Popular concepts in AI #Basics #AIForDummies
Looking at the trends and future tech, I believe it has become mandatory for people in technology to at least understand the very basics of AI. I believe even the simplest software will be AI-driven in the future.
For organizations, artificial intelligence can take them to the next level. And it is high time for organizations/businesses to know which AI tool will help them grow more. The same thought has brought me to learn the basics of AI and then write this blog for me to refer to Later : )
If you see in current times, a well-designed AI system can help you better interact with customers and even can help you identify new markets!!
These systems can be helpful in predictions and if the algorithm is strong, it can also be designed to make real-time decisions. There is a huge amount of this potential with this tech. But with so many possibilities it can be a hard place to see from where to and how to start with it. So I started by exploring the high-level concepts as -
- Machine Learning
- Artificial Neural Network
- Deep Learning
- Natural Language Processing (NLP)
I will focus the most on the NLP, everything else just follows ...
Natural Language Processing (NLP)
Basically, Natural language refers to the way we, humans, communicate with each other. It is broadly defined as the automatic manipulation of natural language, like text or speech, by software. Common tasks include parsing, speech recognition, part-of-speech tagging, and information extraction. NLP focuses largely on converting text to structured data.
NLP process can be broken down into three subsets-
- SRS — Speech Recognition System (Identify)
- NLG — Natural Langauge Generation (Write)

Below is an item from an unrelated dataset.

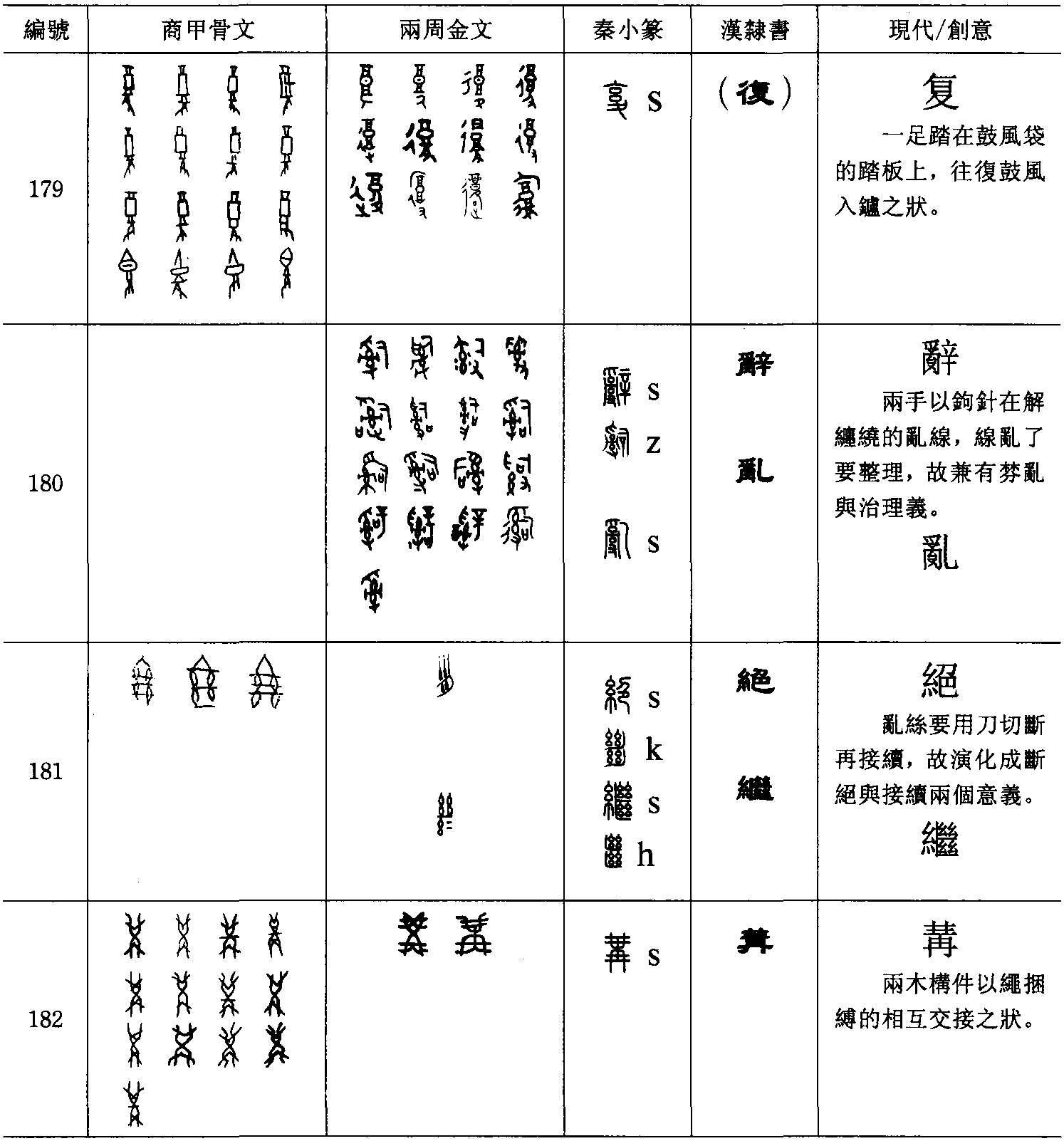 片【 , 判木也。 从半木。 凡片之屬皆从片】、 爿(字176)【爿, 反片為爿。讀若牆】,分析木字為二,右半的片、左半的爿。爿字甲骨已有,為牀之象形。反之成片字,《說文》則有片無爿,且以為从木字分析所得。段注補爿字,以為反片為爿。子(字177)【 ,十一月陽氣動、萬物滋。 人以為稱。 象形。 凡子之屬皆从子。 , 古文子从巛, 象髮也。 , 籀文子囟有髮髮, 臂脛在几上也】、𠫓 【 , 不順忽出也。 从到子。 易曰: 突如其來, 如不孝子突出, 不容於內也。 𠫓即易突字也】, 子為幼兒正視形, 倒之成𠫓, 頭在下則不順。彳 【 , 小步也。 象人脛三屬相連也。 凡彳 之屬皆从彳 】、 亍【 , 步止也。 从反彳。 讀若畜】, 乃分析自十字路形象的行字(字178)【 , 人之步趨也。 从彳 亍。 凡行之屬皆从行】。 彳、亍常作有關行道之字的意符,意義並無不同。(三)形聲 約同 《說文》的形聲,其解釋是 “以事為名,取譬相成,江河是也”。意思是依事類而取音之相近者以造字。簡單地說,此類字絕大部分有一代表事物的意符和一代表音讀的聲符。但也有全是音符的例子,故象聲之名或更為適切。形聲字是最方便、簡易的造字法,只要選擇一個意符和一個聲符,不管多抽象的意義,都可以用這種方式很容易地造出來。上文已經談到,可能因中國是單音節的語言,故造字以表意字為主。然後在文字的使用過程中慢慢形成形聲字而被人發覺其方便,才大量以之創字的。 形聲是一種可以應用無窮的簡便造字法,它是經過長時期的發展才逐漸形成的方式。雖然商代已有百分之二十的形聲字,但絕大多數的常用字都不是形聲字,而且也限定在幾個意符。春秋時代才有意以形聲字的形式大量創造新字,並把意符擴展到各領域。在人們還沒有領會此種造字法之前,由於語言中有很多概念很難用適當的圖畫方式去表達,而日繁的人事,也沒有辦法給每一個意思造一個專字。於是就想出了兩個辦法以解決使用上的困難: 一是引申,一是假借。 引申的方法是用一個字去表達一些與其基本意義有關的意思,它可能就是許慎所說的轉注。有時某些概念之間可以找到它們共通的特性,或是其意義有先後層次發展的關係,不妨用同一個字去表達它們的意義。如复(字179)【 ,行故道也。 从夂, 畐省聲】, 甲骨文作一腳踏在一個鼓風袋的踏板上,它借用腳重複上下的動作,把袋內的空氣不斷地通過鼓風管擠進煉鑪,以表達往復、重複的意義。它被用於表達各種與往復和重複有關的各種事務,如旅行的往返、陽光的復現、攻伐的恢復、甚至多件衣服。但也有很多从复聲的字是和往復或重複的意義無關的,如 【蝮,虫也】 【鍑,如釜而大口者】 【鰒,海魚也】 【椱,機持繒者】。一個字除中心意義外,還可以兼帶很多擴充的有關意義。經過長期的擴充,有時一個字可能擁有一些不太相關甚至是相反的意義。譬如亂字,在周代兼有治與亂的相反意義,如 《尚書·皋陶謨》 “亂而敬”、《尚書·泰誓》 “予有亂臣十人”的亂都有治理的意義。 亂字 【 , 不治也。 从𠃉𤔔。 𠃉, 治之也】, 可能從金文的辭(字180) 【 , 說也。 从𤔔辛。 𤔔辛猶理辜也。 ,籀文辭从司】發展而來。 字形象兩手以有尖銳鉤針的工具去解開纏繞的亂線,故有亂的意義。線亂了就要加以整理,使線索就緒, 故也有了治理的意義。 絕(字181)【 , 斷絲也。 从刀糸,卪聲。 , 古文絕, 象不連體絕二絲。 】與繼 【 , 續也。 从糸𢇍。㡭,繼或作㡭, 反𢇍為㡭】的古代字形也只是正反之別, 創意同樣是來自紡織的作業。絲亂了要用刀切斷再加以接續,故演化成斷絕與接續兩義。終字有終止、死亡與長久的意義,也似是相反的意義。後來為了分別本義與其擴充意義,並確定各自的字形,有些字就在字源分別加上水、火、木、人、衣、心、口、言、手、頁、彳、辵等不同意義的屬類,成了不同字形的形聲字, 如冓(字182) 【 , 交積材也。象對交之形。凡冓之屬皆从冓】可能表示兩木構件以繩捆縛的相互交接之狀,人們就用以表示各種與交接、相會有關的意義。後來以各種形符加到冓字之上以分別各引申義, 於是就形成了構 【 , 蓋也。 從木, 冓聲。 杜林以為椽桷字】、 購 【 , 以財有所求也。 從貝, 冓聲】、 媾【 , 重婚也。 從女, 冓聲。 易曰, 匪寇婚媾】、 遘 【 , 遇也。 从辵, 冓聲】、 溝 【 , 水瀆也。 廣四尺深四尺。 从水, 冓聲】、 講【 ,和解也。 从言,冓聲】、覯 【 ,遇見也。 从見, 冓聲】等从冓聲而與交接的概念有關的各個形聲字。由引申而演變成的形聲字群都有共同的中心意義,以致令人有从某聲的字都有某種意義的感覺。由於過分強調這種聲符帶有意義的現象而有右聲說的主張,見後討論。其實後來有意以形聲方式新造的字,反而大都是基於音近的因素而非意義的引申。

- NLU — Natural Langauge Understanding (Read)
NLP Example:
To understand it better, let me give you an example of the above three terms:
So let’s say you click on the mic icon on your phone and speak something -
“Hi, what's the weather like today”?
It will go through the below process -
1. Take the Audio file
2. Upload it to the Speech Recognition system (SRS). Machine identifies spoken words.
3. Convert the Audio to the Text file (NLG). While processing this, it tries to find the Patterns in Data (Text Patterns), tries to map the most common words.
4. Apply the Natural language Understanding (NLU)
5. Convert it into something which the search engine understands (Search engine friendly terms)
For Machines and the NLP, algorithm unlike humans, It’s a data challenge and not a creative issue. Human writers have to be creative, while the machine doing the NLG, they need to work with the available data and the application of the algorithm on top of it. So for any Automated system, a huge amount of data can help in providing the most possible best output.
This is the simplest form of explanation I could offer. What I derived from it is that To build or buy an AI system, below are the things one should be at least be aware of.
⌘ — Natural Language Processing (NLP)
⌘ — Top NLP tools (like NLTK library, TextBlob, etc)
⌘ — Generate natural-sounding text (NLG)
⌘ — Understand text and speech (NLU); Popular Example is ‘Responsive Automated Customer service Bot’.
I think with the basics of AI, one must know and understand the Hidden Markov Model too, so few words about it -
Hidden Markov Model
There is an infinite number of ways that people can mix and match words and phrases. The way pronounces the same word. For this, the AI system often relies on something called the “Hidden Markov Model”. It helps the computer system to determines the next set of words based on the previous information (data and trend analysis) provided during the process of Speech Recognition process (SRS).
I hope you’ve enjoyed this blog about AI — artificial intelligence. Throughout this small blog, I have tried to cover some very high-level AI concepts. I am looking forward to learning more and I plan to post about interesting new things in the world of AI. Thank you for reading this. Please drop your comments in feedback!